A borrower with a low LTV may well exhibit greater repayment discipline but, ultimately, if a lender cannot enforce their security in a cost efficient and timely manner, a low LTV will provide limited additional protection to a lender if the borrower defaults.
The average rate on all outstanding variable rate mortgages in France (3.08%), to take one example, is actually higher than the comparable rate in Ireland (2.77%). Obviously the large low-yielding tracker books of most Irish lenders impact these figures significantly.
Given the limited (or, in the case of PTSB, non-existent) profitability of Irish banks, it is difficult to conclude that our lenders are somehow profiteering in the current environment.
This makes no sense to me at all. It would make sense if the current lending practices were the same as the lending practices when the losses arose.
But the lenders went crazy between 2002 and 2007. They lent high multiples of income. They lent high loan to values. If they were lending 6 times income and 100% LTV now, then they would have to plan for a much higher risk cost.
But consider a new entrant to the Irish market lending a maximum of 60% LTV and 3 times income. They history of losses is simply not relevant to them and they should price their loans accordingly.
The difficulty in enforcing security is a valid reason for charging Irish borrowers with high Loan to Values a higher rate. I have always argued that and I have always argued that facilitating repossession would be good for all borrowers, because it should bring down the interest rates generally.
I have watched a few cases where there is plenty of positive equity and the bank is trying to repossess the house. Take a mortgage of €200k on a house worth €400k. The lender should be charging 2.5% on this loan, but they are charging 4.5%. So they are making €4k a year in excess profits. It may take them three years to repossess the property, but they will have made an additional €12k in super profits in that period. The solicitors charge around €2,000 for a repossession case. So the risk premium for low LTV loans should be tiny.
I can understand the lenders and the Central Bank making this argument. But I can't understand anyone else making it.

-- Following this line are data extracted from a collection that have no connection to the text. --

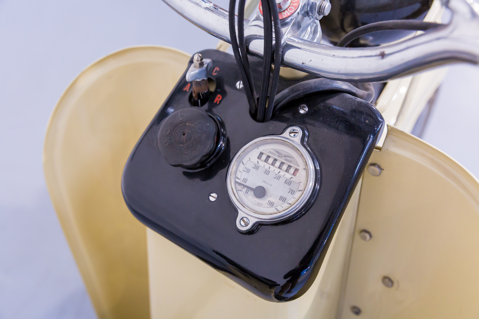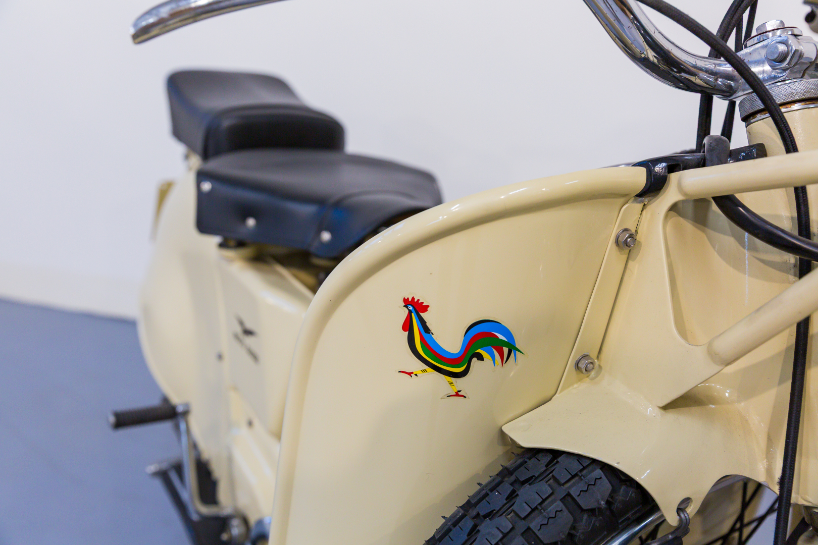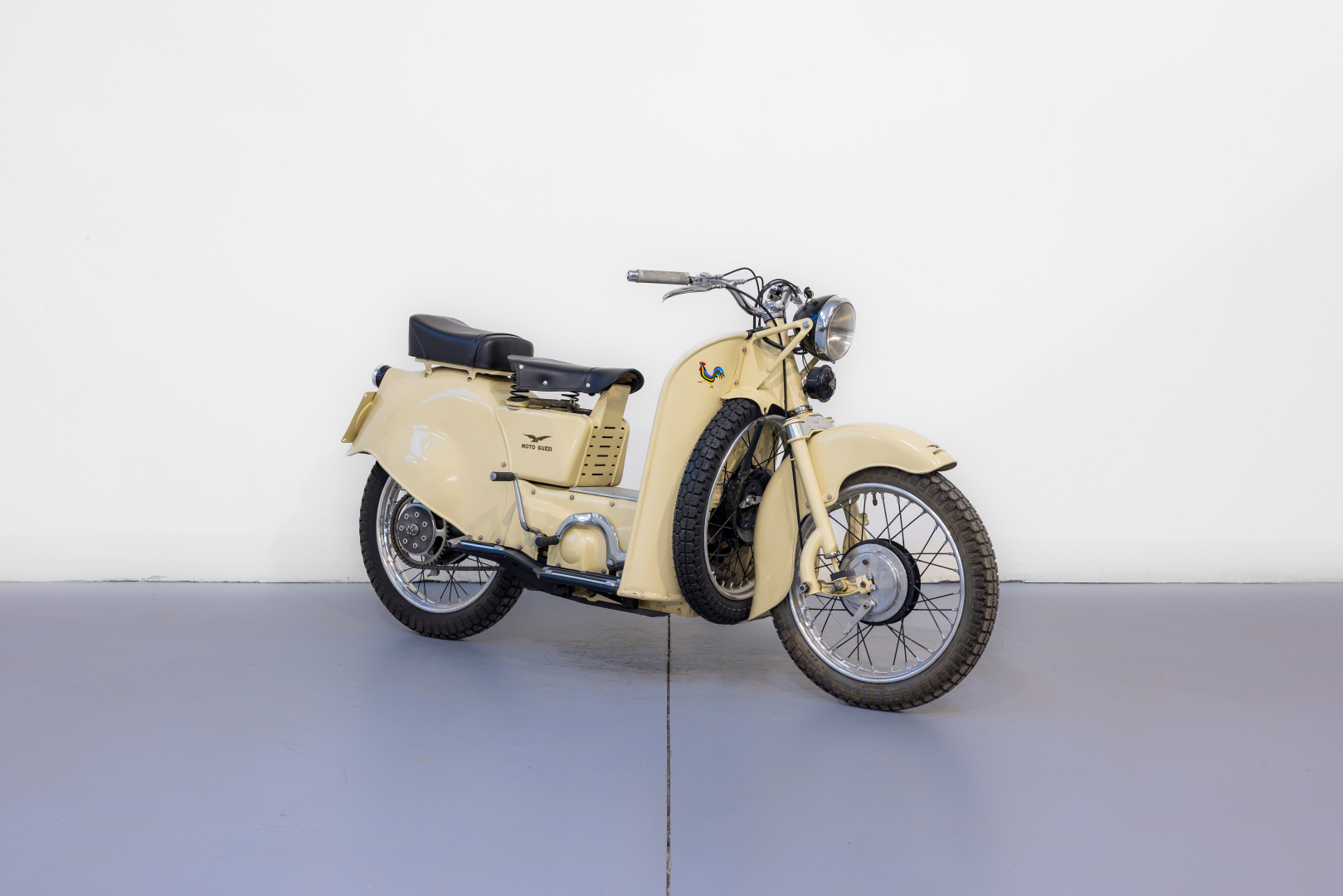 An original Moto Guzzi take on the scooter concept. Pleasant and very comfortable to ride, ideal for out‑of‑town trips. It combines the convenience of a scooter with the stability of large wheels and the added benefit of a spare wheel. Early first‑series model with a 160 cc engine, particularly sought after by collectors. A general check is recommended before use.
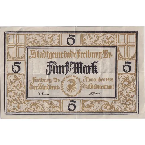 | Obverse lettering | 5 Stadtgemeinde Freiburg i Br. 5 Fünf Mark 5 Freiburg i Br. 1. November 1918 der Stadtrat des ... |
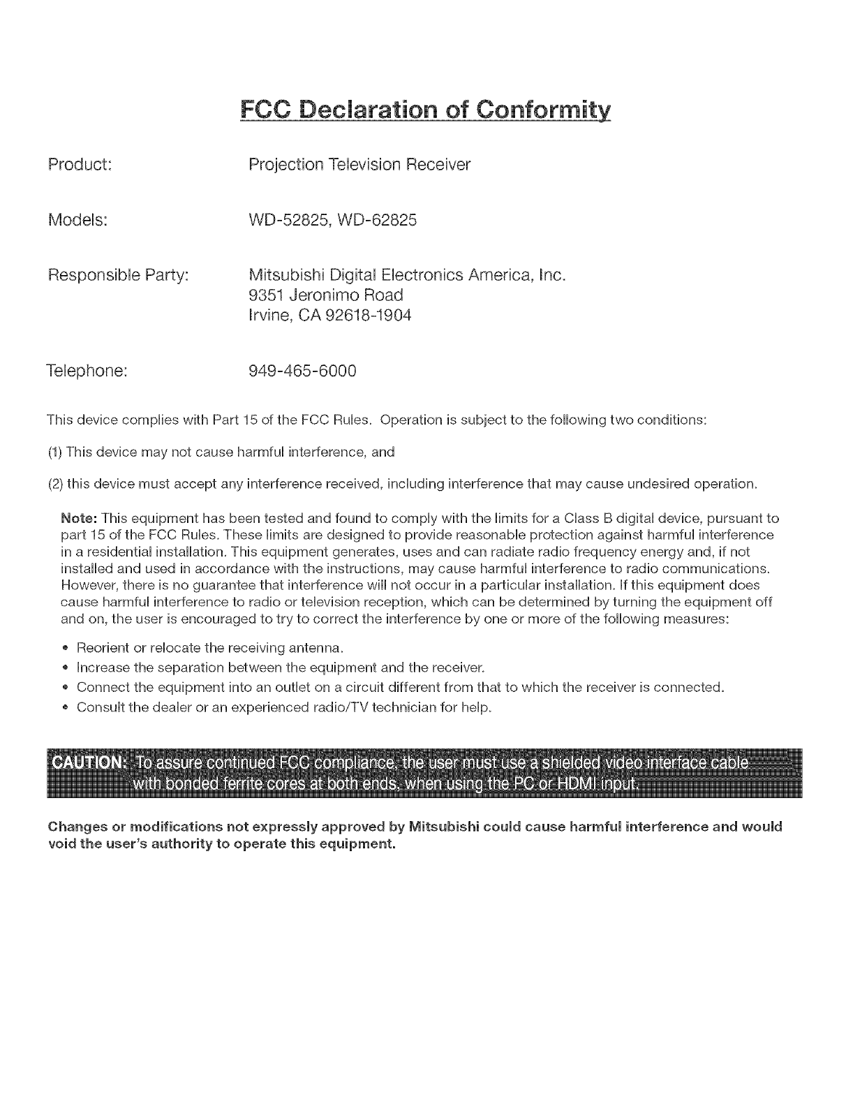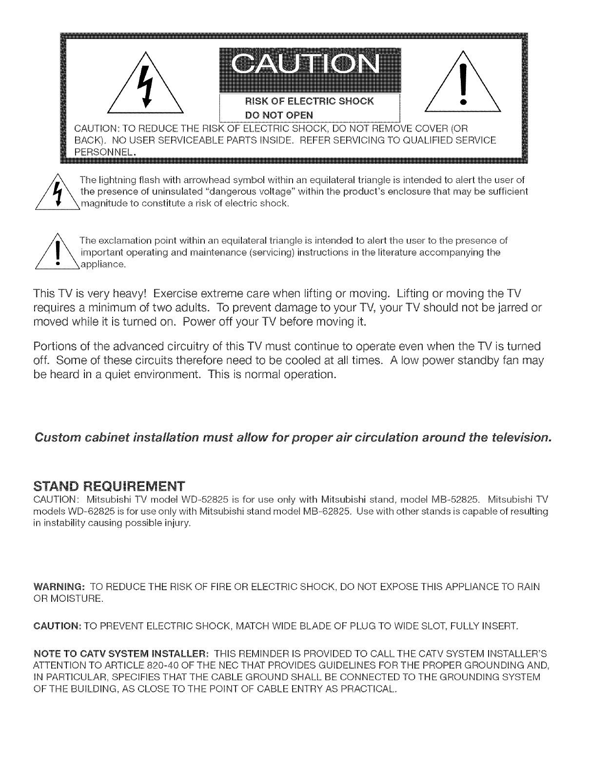 CAUTION: Mitsubishi TV model WD-52825 is for use only with Mitsubishi stand, model MB-52825. Mitsubishi TV
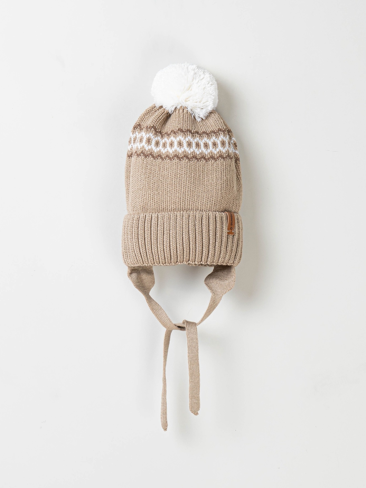 Зимняя шапка с узором на завязках для комфортных прогулок.
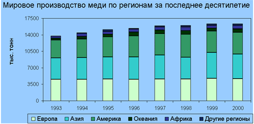 За последние два десятилетия существенно изменилась география добычи и производства меди. На смену традиционным местам добычи, так называемым «старым медедобывающим районам» (Заир, Замбия, Папуа-Новая Гвинея), где промышленные запасы сильно истощены и дальнейшая их разработка относительно дорога и общая добыча переживает существенный спад, пришли новые региональные производители, прежде всего из Южноамериканского континента, Океании и Австралии. Кроме того, открытие новых крупных месторождений привело к инвестиционному буму в отрасли и подтолкнуло ее интенсивное развитие. Ряд крупнейших инвестиционных проектов на новых месторождениях в Чили и Индонезии, где добыча ведется открытым способом, сделал эти державы ведущими производителями медной руды. В последние несколько лет Чили обогнала и ушла далеко вперед от США, занимавших ранее первое место по добыче медной руды. Индонезия ворвалась в первую десятку производителей медной руды благодаря инвестициям в разработку лишь одного месторождения Грасберг в провинции Ириан-Джая.
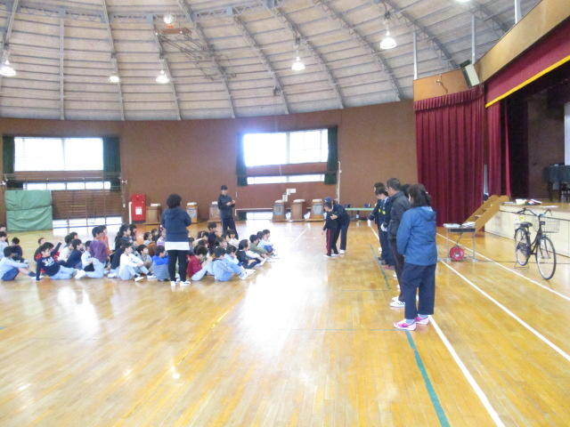 本日雨天のため、交通安全教室を体育館で行いました。1年生は横断歩道等の正しい歩行について、3年生は安全な自転車の乗り方について、警察署や交通指導員の皆様に御指導をいただきました。
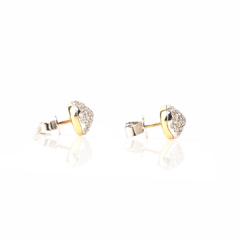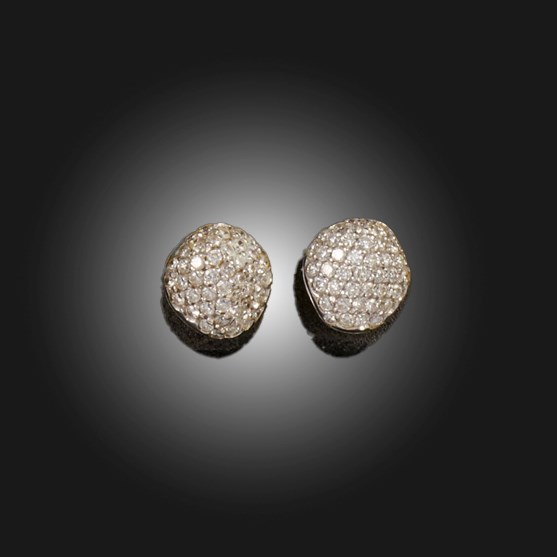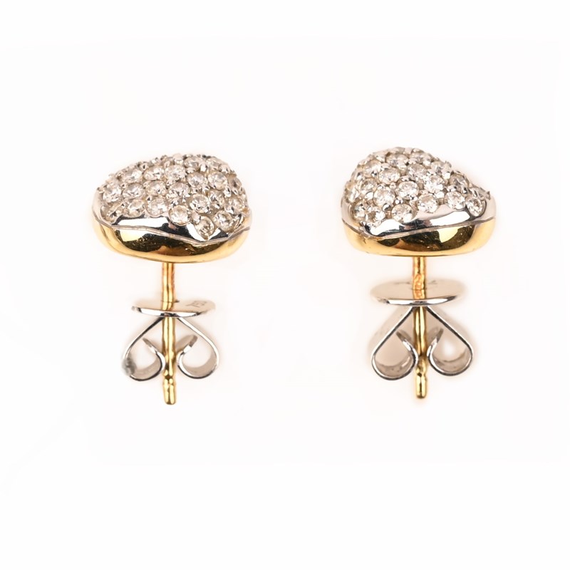 A PAIR OF DIAMOND EAR STUDS, pavé-set with round brilliant-cut diamonds, in gold, stamped 750, width 1cm, gross weight 4g

The Fair Mortgage Rates Campaign is arguing that the rate on non-trackers is too high. It's clearly too high. It is this rate of 4.2% which you should be comparing with the French rate of 3.08%.
It's clear that the lenders have sunk costs in the trackers, but a small group of non-tracker mortgage holders should not have to pay for them.
The profitability of separate products should be judged separately.
No one seems to argue that current account holders should pay €2,000 a year in fees to compensate for the huge losses which the lenders incurred on development loans.
Say my local Spar shop has entered into a deal with half its customers to provide goods at cost for the next 20 years. Do you think that they can compensate for this by charging the rest of us double the price? We would simply go to the Centra across the road. As a customer, I couldn't care less about the profitability of the Spar shop or the mortgage lender.
Well, whether or not it makes any sense to you, it has always been the case that banks have to take historic losses into account in determining impairment provisions for new loans. You would certainly hope that stricter underwriting criteria will result in lower impairments going forward but only time will tell whether this actually proves to be the case.
A new entrant to the market without such historic losses will obviously have a lower cost of capital and can offer more competitive rates to attract new business.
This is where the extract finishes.